WHAT TO DO
For this exercise, write out only the lines of the entries below from the one with "The case serves" up to and including the one with "其他产品,电竞键鼠最高降50", exactly as they are. Pictures stay out.

AVAILABLE RECORDS

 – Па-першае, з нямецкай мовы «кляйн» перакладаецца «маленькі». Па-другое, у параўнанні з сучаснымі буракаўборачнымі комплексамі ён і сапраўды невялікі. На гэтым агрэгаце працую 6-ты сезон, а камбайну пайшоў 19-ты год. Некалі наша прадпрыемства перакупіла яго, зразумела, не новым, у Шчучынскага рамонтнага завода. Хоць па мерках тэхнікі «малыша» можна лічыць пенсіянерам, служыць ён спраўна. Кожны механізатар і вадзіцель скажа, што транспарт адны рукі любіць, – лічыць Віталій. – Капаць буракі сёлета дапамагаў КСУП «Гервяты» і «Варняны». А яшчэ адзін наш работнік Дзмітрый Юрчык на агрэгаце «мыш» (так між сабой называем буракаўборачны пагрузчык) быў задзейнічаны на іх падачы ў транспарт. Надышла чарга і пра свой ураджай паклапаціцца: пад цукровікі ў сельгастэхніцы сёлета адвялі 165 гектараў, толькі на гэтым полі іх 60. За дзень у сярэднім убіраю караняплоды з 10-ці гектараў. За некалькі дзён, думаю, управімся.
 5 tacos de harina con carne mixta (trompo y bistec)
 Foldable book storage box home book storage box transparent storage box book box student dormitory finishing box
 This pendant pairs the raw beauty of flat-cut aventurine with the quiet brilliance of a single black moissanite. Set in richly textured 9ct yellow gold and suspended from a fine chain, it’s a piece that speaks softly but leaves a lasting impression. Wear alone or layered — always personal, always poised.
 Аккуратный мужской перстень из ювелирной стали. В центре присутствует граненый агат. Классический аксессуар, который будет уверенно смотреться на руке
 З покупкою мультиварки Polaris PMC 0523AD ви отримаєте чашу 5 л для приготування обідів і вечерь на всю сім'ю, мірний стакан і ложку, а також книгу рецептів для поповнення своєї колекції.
...
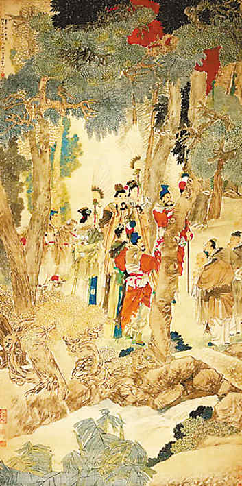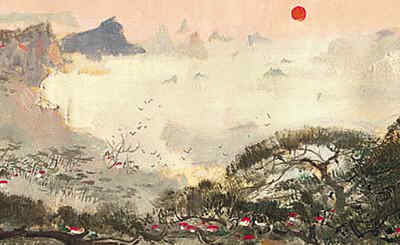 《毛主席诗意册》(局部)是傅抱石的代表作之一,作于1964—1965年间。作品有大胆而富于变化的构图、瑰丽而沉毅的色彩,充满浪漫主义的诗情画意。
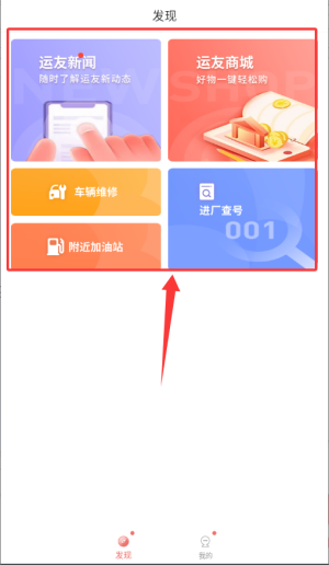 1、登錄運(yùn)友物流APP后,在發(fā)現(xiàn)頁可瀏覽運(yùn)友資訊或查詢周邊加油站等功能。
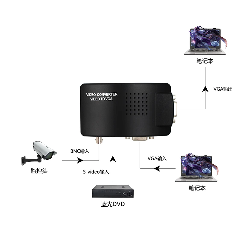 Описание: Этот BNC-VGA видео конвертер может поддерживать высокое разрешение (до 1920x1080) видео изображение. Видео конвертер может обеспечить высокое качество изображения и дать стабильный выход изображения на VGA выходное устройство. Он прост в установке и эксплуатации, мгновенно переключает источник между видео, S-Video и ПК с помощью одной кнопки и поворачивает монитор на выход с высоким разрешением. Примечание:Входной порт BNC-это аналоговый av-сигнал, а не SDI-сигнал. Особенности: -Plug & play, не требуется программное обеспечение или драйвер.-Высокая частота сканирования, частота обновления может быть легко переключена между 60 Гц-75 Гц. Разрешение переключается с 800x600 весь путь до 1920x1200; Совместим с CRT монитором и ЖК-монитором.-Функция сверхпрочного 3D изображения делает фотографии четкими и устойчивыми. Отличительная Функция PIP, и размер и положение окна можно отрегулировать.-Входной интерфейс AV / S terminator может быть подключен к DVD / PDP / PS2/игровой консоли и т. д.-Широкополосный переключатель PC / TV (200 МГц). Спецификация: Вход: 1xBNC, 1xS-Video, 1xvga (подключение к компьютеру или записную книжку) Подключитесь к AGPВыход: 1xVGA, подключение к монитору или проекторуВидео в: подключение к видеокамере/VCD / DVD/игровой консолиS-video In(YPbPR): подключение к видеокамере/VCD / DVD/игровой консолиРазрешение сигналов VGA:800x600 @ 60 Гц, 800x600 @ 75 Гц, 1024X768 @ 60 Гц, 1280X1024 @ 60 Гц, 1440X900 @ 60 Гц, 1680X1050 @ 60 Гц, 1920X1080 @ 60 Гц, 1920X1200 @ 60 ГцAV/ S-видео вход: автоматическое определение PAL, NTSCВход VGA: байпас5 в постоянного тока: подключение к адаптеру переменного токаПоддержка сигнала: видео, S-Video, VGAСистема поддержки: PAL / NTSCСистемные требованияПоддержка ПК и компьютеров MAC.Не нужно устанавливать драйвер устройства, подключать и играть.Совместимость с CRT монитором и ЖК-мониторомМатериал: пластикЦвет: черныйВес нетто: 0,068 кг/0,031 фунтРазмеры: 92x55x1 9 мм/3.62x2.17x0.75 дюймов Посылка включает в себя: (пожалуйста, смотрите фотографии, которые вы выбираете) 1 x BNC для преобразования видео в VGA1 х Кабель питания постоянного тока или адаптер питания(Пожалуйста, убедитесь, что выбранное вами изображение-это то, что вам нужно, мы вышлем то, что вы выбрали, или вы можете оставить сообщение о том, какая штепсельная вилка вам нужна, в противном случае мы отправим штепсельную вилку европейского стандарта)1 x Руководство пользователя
---
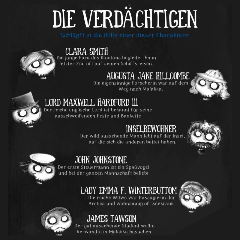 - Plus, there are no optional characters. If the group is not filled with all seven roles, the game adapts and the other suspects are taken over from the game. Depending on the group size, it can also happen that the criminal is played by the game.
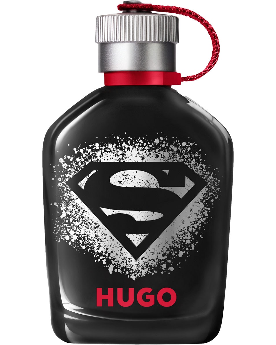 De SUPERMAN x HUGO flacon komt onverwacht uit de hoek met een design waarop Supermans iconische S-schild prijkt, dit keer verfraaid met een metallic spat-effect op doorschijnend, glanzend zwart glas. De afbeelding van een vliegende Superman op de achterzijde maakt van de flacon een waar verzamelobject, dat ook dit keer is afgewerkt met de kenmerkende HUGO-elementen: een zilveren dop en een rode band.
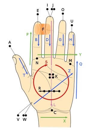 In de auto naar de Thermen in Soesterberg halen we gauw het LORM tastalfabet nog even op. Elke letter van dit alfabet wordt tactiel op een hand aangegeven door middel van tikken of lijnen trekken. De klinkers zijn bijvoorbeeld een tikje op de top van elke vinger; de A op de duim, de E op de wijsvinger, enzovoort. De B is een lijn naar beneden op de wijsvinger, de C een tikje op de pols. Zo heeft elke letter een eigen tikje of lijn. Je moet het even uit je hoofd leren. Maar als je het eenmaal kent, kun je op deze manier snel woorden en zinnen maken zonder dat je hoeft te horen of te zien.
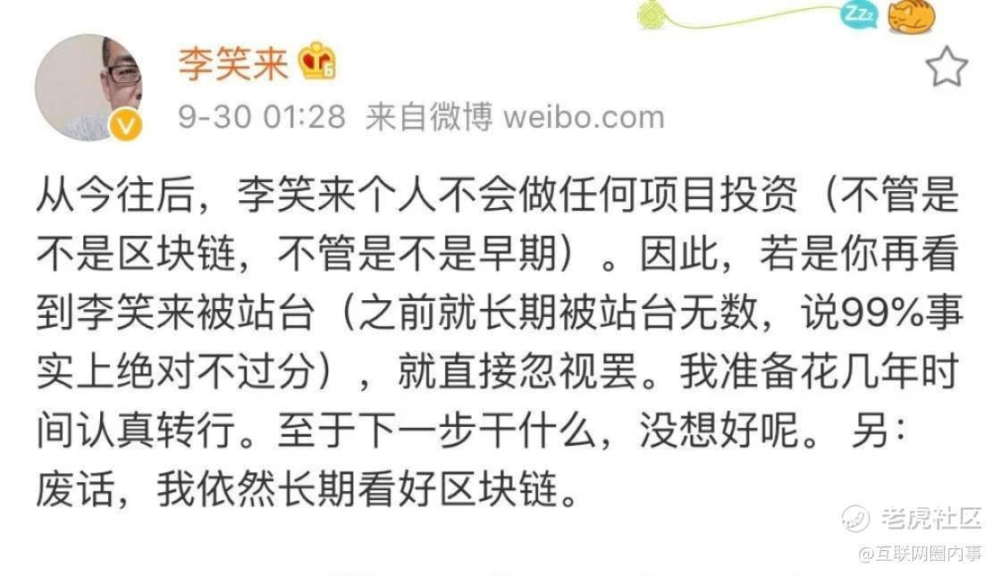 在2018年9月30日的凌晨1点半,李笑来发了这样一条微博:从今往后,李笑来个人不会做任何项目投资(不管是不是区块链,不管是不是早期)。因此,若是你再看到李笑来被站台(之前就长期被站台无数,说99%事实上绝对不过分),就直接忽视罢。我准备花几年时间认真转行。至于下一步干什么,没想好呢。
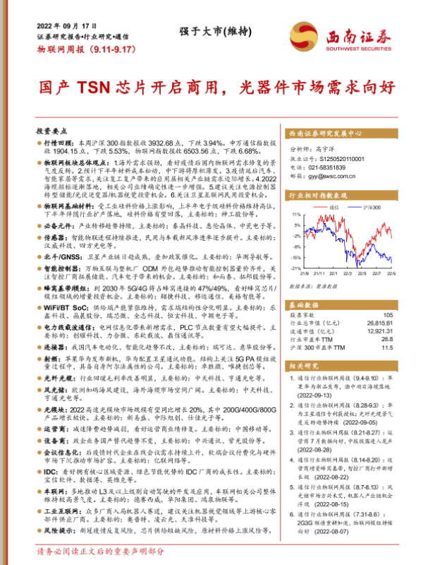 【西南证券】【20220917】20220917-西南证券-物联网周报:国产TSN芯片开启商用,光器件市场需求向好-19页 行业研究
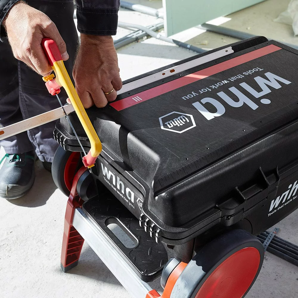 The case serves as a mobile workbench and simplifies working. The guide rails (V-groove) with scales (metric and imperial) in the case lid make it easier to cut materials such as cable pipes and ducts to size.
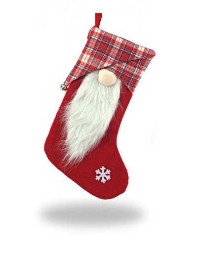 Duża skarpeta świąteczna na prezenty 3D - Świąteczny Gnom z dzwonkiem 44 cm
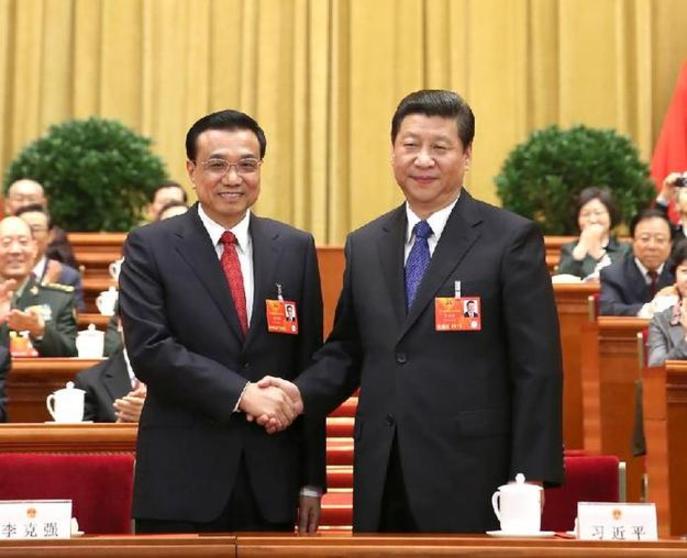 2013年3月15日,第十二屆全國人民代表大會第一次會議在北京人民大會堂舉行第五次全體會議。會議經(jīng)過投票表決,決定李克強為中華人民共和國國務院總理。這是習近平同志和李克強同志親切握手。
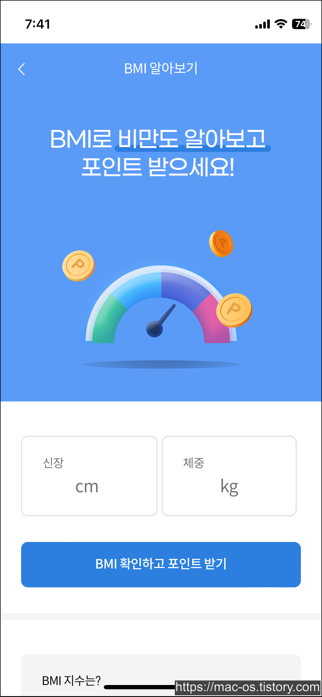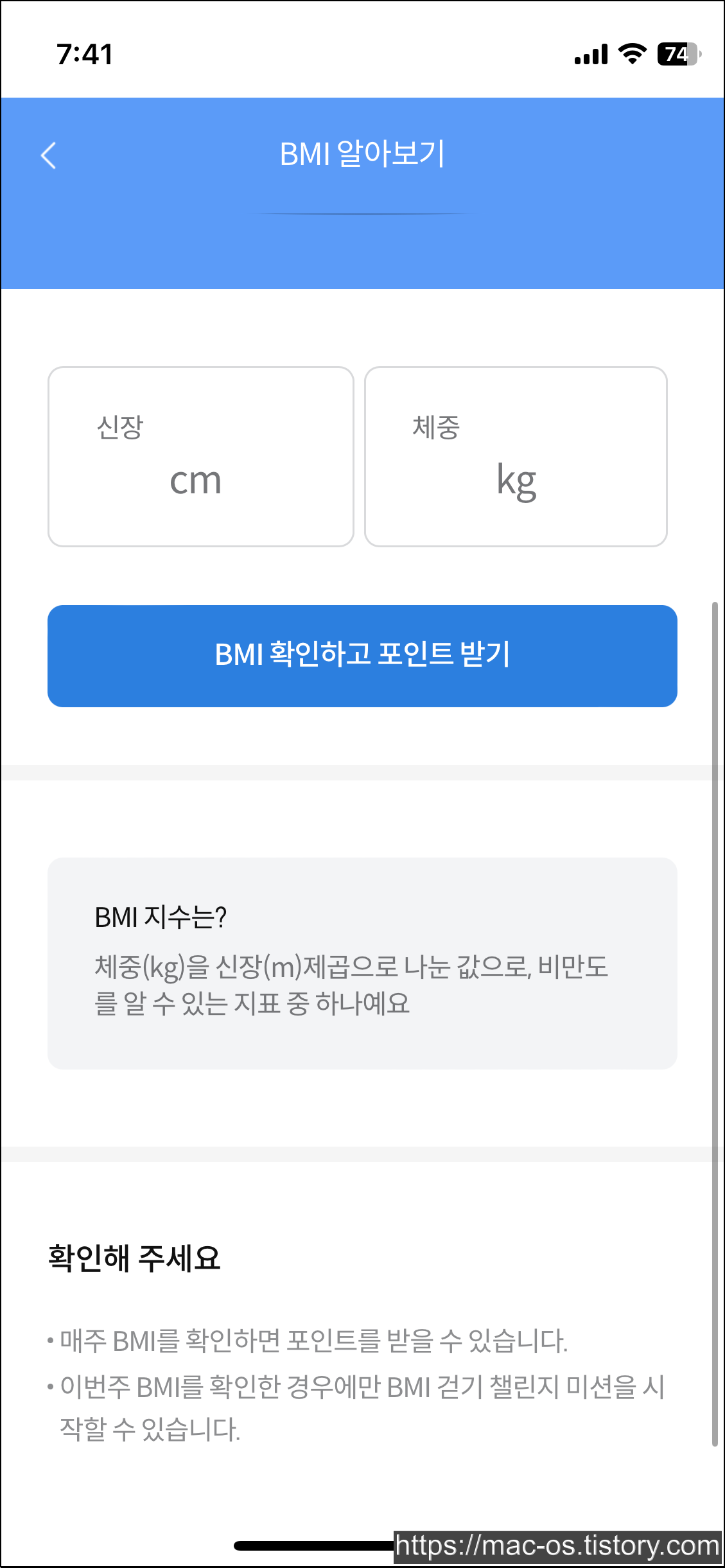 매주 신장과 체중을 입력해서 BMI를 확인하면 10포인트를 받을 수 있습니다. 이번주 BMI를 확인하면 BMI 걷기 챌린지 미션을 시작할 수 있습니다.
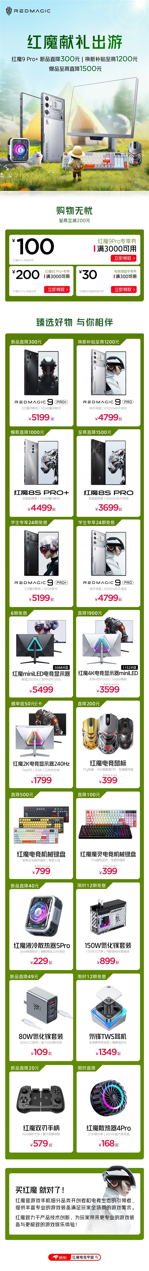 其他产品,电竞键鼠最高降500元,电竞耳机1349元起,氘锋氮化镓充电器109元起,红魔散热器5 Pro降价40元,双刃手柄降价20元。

ANSWER SPACE
 The case serves as a mobile workbench and simplifies working. The guide rails (V-groove) with scales (metric and imperial) in the case lid make it easier to cut materials such as cable pipes and ducts to size.
 Duża skarpeta świąteczna na prezenty 3D - Świąteczny Gnom z dzwonkiem 44 cm
 2013年3月15日,第十二屆全國人民代表大會第一次會議在北京人民大會堂舉行第五次全體會議。會議經(jīng)過投票表決,決定李克強為中華人民共和國國務院總理。這是習近平同志和李克強同志親切握手。
 매주 신장과 체중을 입력해서 BMI를 확인하면 10포인트를 받을 수 있습니다. 이번주 BMI를 확인하면 BMI 걷기 챌린지 미션을 시작할 수 있습니다.
 其他产品,电竞键鼠最高降500元,电竞耳机1349元起,氘锋氮化镓充电器109元起,红魔散热器5 Pro降价40元,双刃手柄降价20元。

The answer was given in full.